Economic losses from COVID-19 cases in the Philippines: a dynamic model of health and economic policy trade-offs

The paper addresses how to balance economic recovery with public health safeguards during COVID-19 in the Philippines. By May 22, 2021, the country recorded over 1.17 million cases, and GDP contracted by 9.6% in 2020. Despite gradual easing of restrictions, surges (e.g., March 2021 in NCR) strained hospital capacity, prompting tighter lockdowns.

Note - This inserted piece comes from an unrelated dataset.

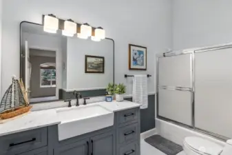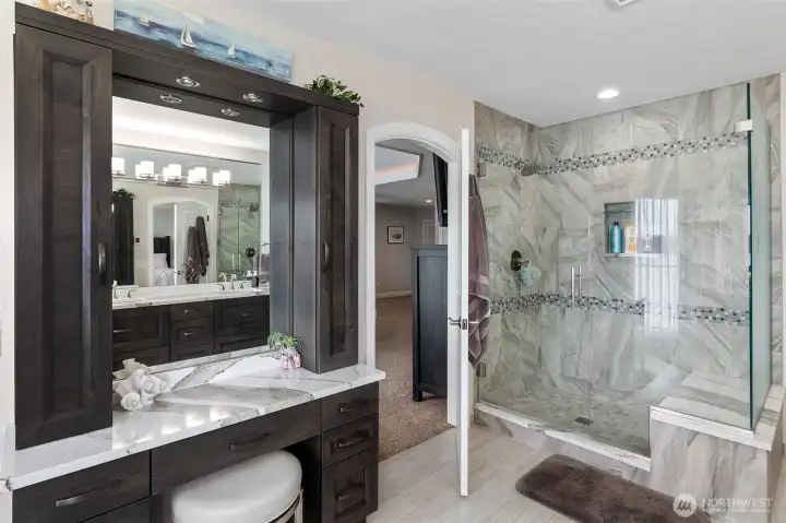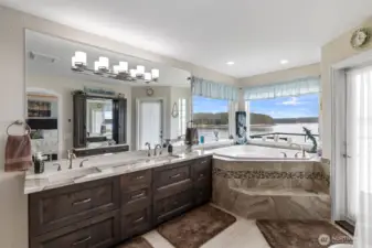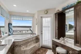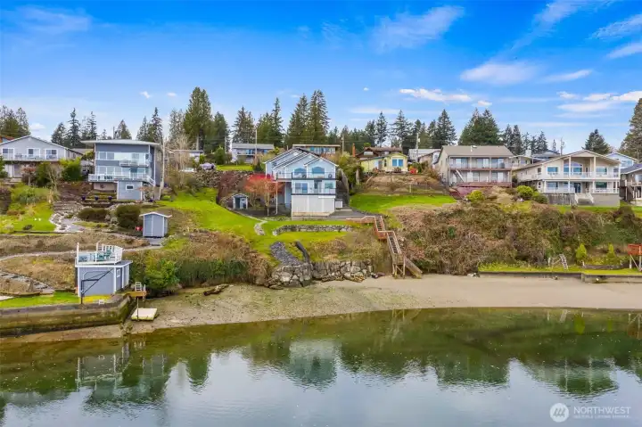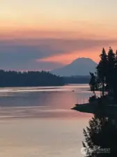 Wake up to breathtaking sunrises over Mt. Rainier and Eld Inlet in this impeccably maintained custom waterfront home. The views are truly unparalleled, spanning from the Olympic Mountains to the serene beauty of Hope and Squaxin Islands. Enjoy the ultimate coastal lifestyle with your bulkheaded waterfront and rare sandy beach, perfect for shoreline relaxation. The grounds are a private oasis, featuring fully fenced and irrigated landscaping, a gorgeous water feature, and a spacious view deck designed for entertaining against a world-class backdrop. Inside, the open-concept floor plan shines with vaulted ceilings, skylights, and rich cherry hardwood floors. The updated chef’s kitchen is a standout, boasting elegant soapstone counters, a gas cooktop, and an eating bar. The expansive downstairs primary suite serves as a luxury retreat, featuring a private sliding glass door to the deck with stunning views of the inlet and islands. The spa-like primary bath includes a walk-in shower, dual quartz vanity, and a jetted tub positioned perfectly to capture those waterfront vistas. Year-round comfort is ensured with a high-efficiency propane furnace and heat pump system. Perfect for entertaining, the property has room for parking 7 vehicles. This home also enjoys fantastic community amenities: a private marina, boat launch, clubhouse, and playground. Combining meticulous care with an unbeatable location, this residence offers a waterfront lifestyle that simply cannot be beat.

Policymakers consider reopening (businesses, transport, age restrictions) alongside ensuring hospital capacity. The study extends the FASSSTER platform’s subnational SEIR model to quantify economic losses from infection and lockdowns and evaluates policy options subject to maintaining HCUR below 70%. It examines trade-offs over a 3‑month horizon across regions to inform calibrated reopening while safeguarding health system capacity.

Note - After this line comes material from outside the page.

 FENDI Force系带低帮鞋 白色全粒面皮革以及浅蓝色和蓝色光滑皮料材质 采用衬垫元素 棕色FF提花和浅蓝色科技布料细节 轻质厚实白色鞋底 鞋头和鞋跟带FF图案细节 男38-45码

The review situates pandemic economics within disaster economics, highlighting direct labor supply shocks (mortality, infection), indirect productivity and welfare impacts, and macroeconomic effects. Static SAM/CGE and microsimulation studies (e.g., H1N1, COVID-19 for Ghana, UK, global poverty) show substantial welfare and GDP losses, with prevention-related labor losses often exceeding health-related GDP losses, but they do not explicitly analyze dynamic health–economy trade-offs. Dynamic epidemiological models (SIR/SEIR) enable forward-looking policy analysis; integrations with economic modules show trade-offs between productivity and disease spread. Optimal control studies suggest targeted lockdowns minimize losses while saving lives, though many focus on fatalities rather than hospitalizations. Gaps remain for low- and middle-income contexts, subnational analysis, and explicit trade-offs with health system capacity. The paper fills these gaps by extending a regional SEIR with economic loss equations and constructing a policy trade-off tied to HCUR thresholds in the Philippines.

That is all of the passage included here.